First the LAX shooting. Then one at the Garden State Plaza in NJ. Followed by some phone-in bomb scares at local NJ schools. My stomping grounds.
I’ve written and re-written my reactions to all of this recent terror so many times but nothing seems to say what I want it so say. It’s awful and overwhelming that there is so much bad in the world. It’s awful to think about people and about kids being scared like this. Awful isn’t even close though. I’m at a lack.
So here I sit, late at night with a deadline looming and miracle of miracles, Facebook to the rescue. On my sister’s wall, she has posted a link to something uplifting. It makes me cry. It lifts me up. I feel better. It’s done its job and the lump in my throat is subsiding.
And then I come back to this blog post that I know I have to write, that I know I want to write but can’t.
What can I say to make this seemingly neverending live stream of violence go away? Nothing. And so I’m stealing my sister’s words instead.
“Make someone’s day. Do something good.”
Sometimes I’m overly negative and worrisome, it’s true. But I like to believe in good. I like to believe in being kind to strangers, to thanking people genuinely any chance I get. I like it when people take time to learn my kids’ names and to stop and tell me what lovely little beings I am raising. I like joy.

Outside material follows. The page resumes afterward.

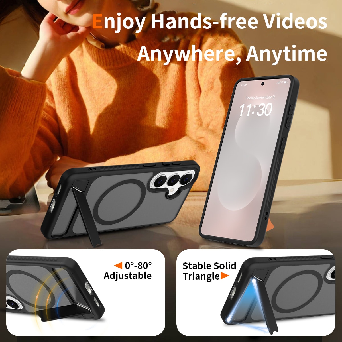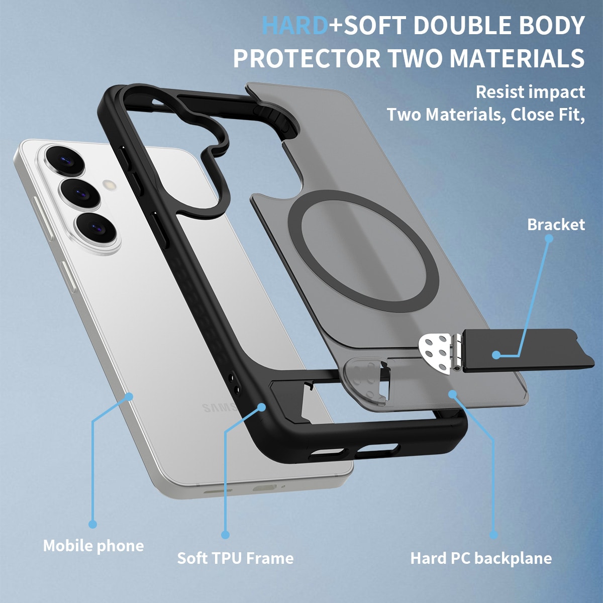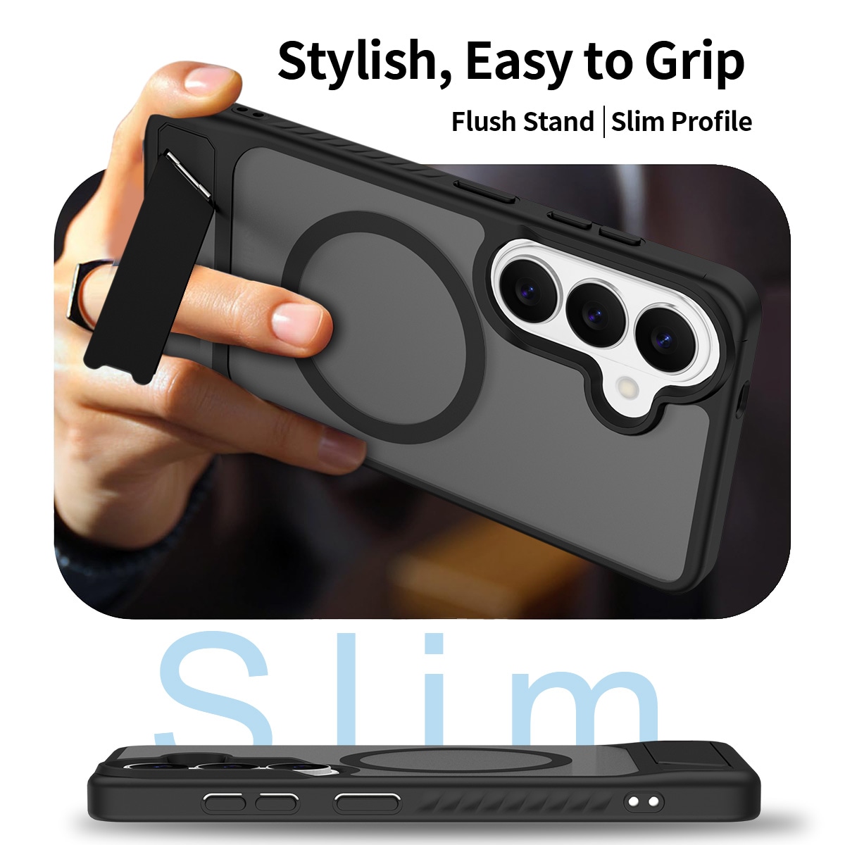 Snyggt och praktiskt hybridskal med inbyggt ställ för Samsung Galaxy S26. Skalet skyddar din telefon mot stötar och repor med en slitstark kombination av hårdplast och flexibel TPU. Det utfällbara stället gör det enkelt att titta på film, klipp eller spela handsfree.

I like smiles. I like underdogs and hot fudge and pajamas before dinner. And yeah, I totally like when friends do nice things for me, like bring ghost-cupcakes to my family when I’ve been way too busy and up to my ears in “stuff” to make that extra Halloween effort.
You’re thinking, “I already do kind things. I already am kind.” I know. You are. But today? Fall into the cliché of paying it forward. That’s my humble solution. Lots of little but amazing good things going on today…
Need a suggestion? I got your back.
Deep in my memory lies visions of my father, peeling Macintosh apples in our orange and brown NJ kitchen. I can see his thumb, working the dulled peeler, can hear his tenor voice singing Roy Orbison as he does this. I can taste the buttery rich batter, licked off of a worn wooden spoon. I can smell the pie baking, I can see the golden glow of the oven light as I wait for it to be done. I can hear the sound of the cinnamon as my mother sprinkles it over the pie, can see the perfect flat surface of the Haagen-Dazs vanilla ice cream. The aroma is thick and in everything around me. To this day, when I make this pie I am comforted at once, transported to all things wonderful about my childhood.
Make this pie. It’s full of sugar and butter and I promise, you can’t deliver it without receiving lots of love in return. It’s easy, it won’t take you much time at all.
It’s best eaten warm. Bake it with the 1700 apples you have leftover from apple picking.
Bring it to your child’s school. Bring it to the post office. Bring it to the pediatrician’s office. Bring it to your friend who is coping with loss. Bring it to the local supermarket. Bring it somewhere for someone.
Do something good. Please?
Van Vliet Deep Dish Apple Pie
12 – 13 MacIntosh apples (maybe more, depending on how much apple you like!)
2 cups sugar
2 cups unbleached all purpose white flour
1.5 sticks of butter
DO NOT GREASE PAN!
Melt butter first, so it is cool by the time you are finished peeling/slicing apples.
Fill 13×9 glass pan with peeled apple slices.
Mix sugar, egg, flour and salt by hand. Add cooled butter and mix thoroughly. Spread over apples and sprinkle with cinnamon.
Bake at 400 for 35 minutes, or until crust is golden brown.
The dough batter will be thick so wash your hands well and get creative spreading it over the apples.